Per il resto, sono contenta da quanto emerso da quello che tu e Sergio avete scritto a più riprese. Così, senza volere affrontare una disputa sul Bello (che lascio ai filosofi che vi si arrovellano da tempo!), mi fa piacere ricopiarti alcune frasi che hanno scritto i miei studenti di primo anno, commentando quella frase-metafora di Dostoevskij che tanta antipatia ti ha fatto… Una diceva ‘La bellezza salverà il mondo perché la bellezza è il rispetto per quello che abbiamo intorno’. Un’altra, ‘La bellezza sono le emozioni che le opere d’arte, belle o terribili, fanno nascere dentro di noi. La bellezza è proprio questo sentimento che viene da dentro’. E un’altra, la mia preferita, ‘La bellezza la può creare chiunque, anche senza essere un grande artista, perché ognuno di noi crea pensieri: i pensieri belli salveranno il mondo’.

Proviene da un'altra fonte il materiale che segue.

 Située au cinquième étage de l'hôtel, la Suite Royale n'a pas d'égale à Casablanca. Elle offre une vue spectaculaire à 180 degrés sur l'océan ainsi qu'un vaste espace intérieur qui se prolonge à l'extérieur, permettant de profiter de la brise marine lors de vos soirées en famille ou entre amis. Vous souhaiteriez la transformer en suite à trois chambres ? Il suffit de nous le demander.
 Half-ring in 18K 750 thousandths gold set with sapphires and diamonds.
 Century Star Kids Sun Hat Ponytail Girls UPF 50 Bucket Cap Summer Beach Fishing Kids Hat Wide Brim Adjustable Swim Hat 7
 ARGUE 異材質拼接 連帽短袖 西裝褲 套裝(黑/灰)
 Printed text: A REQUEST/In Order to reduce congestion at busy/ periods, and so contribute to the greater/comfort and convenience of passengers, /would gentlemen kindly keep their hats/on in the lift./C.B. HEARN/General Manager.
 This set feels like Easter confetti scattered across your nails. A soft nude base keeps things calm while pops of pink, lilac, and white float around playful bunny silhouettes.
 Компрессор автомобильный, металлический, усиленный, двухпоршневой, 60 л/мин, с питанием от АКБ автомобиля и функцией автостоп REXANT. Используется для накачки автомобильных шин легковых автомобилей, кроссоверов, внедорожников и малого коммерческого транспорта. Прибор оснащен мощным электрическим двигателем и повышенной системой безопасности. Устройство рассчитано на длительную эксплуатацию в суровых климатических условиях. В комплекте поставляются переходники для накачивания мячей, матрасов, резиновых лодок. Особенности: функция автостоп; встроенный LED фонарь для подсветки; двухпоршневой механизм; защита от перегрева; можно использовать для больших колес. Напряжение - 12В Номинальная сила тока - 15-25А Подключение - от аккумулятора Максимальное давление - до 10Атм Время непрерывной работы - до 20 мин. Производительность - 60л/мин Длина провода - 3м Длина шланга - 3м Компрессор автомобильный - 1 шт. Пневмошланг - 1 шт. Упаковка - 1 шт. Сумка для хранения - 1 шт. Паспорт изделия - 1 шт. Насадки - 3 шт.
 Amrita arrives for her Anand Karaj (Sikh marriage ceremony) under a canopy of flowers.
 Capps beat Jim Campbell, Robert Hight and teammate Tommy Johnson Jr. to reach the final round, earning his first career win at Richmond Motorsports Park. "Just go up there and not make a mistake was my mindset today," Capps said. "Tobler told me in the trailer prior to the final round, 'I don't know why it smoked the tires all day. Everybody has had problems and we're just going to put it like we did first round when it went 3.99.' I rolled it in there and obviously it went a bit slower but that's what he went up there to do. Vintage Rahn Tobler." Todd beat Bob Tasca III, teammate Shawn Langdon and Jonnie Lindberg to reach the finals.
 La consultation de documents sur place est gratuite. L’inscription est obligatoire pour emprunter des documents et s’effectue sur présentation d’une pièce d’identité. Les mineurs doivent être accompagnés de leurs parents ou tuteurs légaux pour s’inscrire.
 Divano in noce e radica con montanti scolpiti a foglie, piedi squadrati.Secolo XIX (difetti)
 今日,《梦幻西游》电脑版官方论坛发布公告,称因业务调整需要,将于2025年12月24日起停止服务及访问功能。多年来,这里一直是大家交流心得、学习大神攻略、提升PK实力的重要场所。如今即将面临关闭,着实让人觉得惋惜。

I miei studenti-poeti che spero avranno la volontà di trasformare in azione i loro bei pensieri, gli innamorati dell’arte che ho fiducia non si stanchino di concretizzare strategie, gli educatori alla sensibilità che mi auguro sempre più numerosi… loro… noi: potremmo provare a salvare il mondo a cominciare dalla vita di ogni giorno, che dici?